Me Marie Salini, avocate d'Édouard Akau, le père de famille mis en examen pour « séquestrations », a également pris la parole. « Il conteste catégoriquement les accusations. À ses yeux, rien ne permet de parler de séquestration au sens propre du terme. Il affirme avoir toujours pensé que les jeunes hommes étaient libres de leurs mouvements », déclare-t-elle. Elle précise qu'il ne vivait pas dans la maison où les faits se seraient déroulés, mais s'y rendait principalement pour s'occuper des plus jeunes enfants.
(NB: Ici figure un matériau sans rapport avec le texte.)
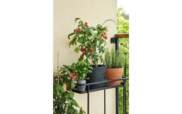 Blumenständer aus schwarzem Stahl, für den Innen- und Außenbereich.

Édouard Akau ne comprend pas pourquoi son fils s'exprime seulement aujourd'hui sur des faits qui remonteraient à 2022 et 2023, alors que ce dernier a évoqué les meurtres de Jacques Pakeso et de Mike Gineste. « Il se sent profondément trahi car il estime que ces déclarations ont détruit sa famille et conduit tout le monde en prison », ajoute Me Salini. Il est aujourd'hui particulièrement préoccupé par ses deux plus jeunes enfants, un garçon et une fille, placés par l'aide sociale à l'enfance et dont il n'a aucune nouvelle.

Contexte de l'affaire

L'affaire concerne la disparition de deux jeunes militaires et la séquestration de sept autres victimes, dans le Var. Un clan familial est soupçonné d'être impliqué. Les investigations se poursuivent sous le sceau du secret de l'instruction.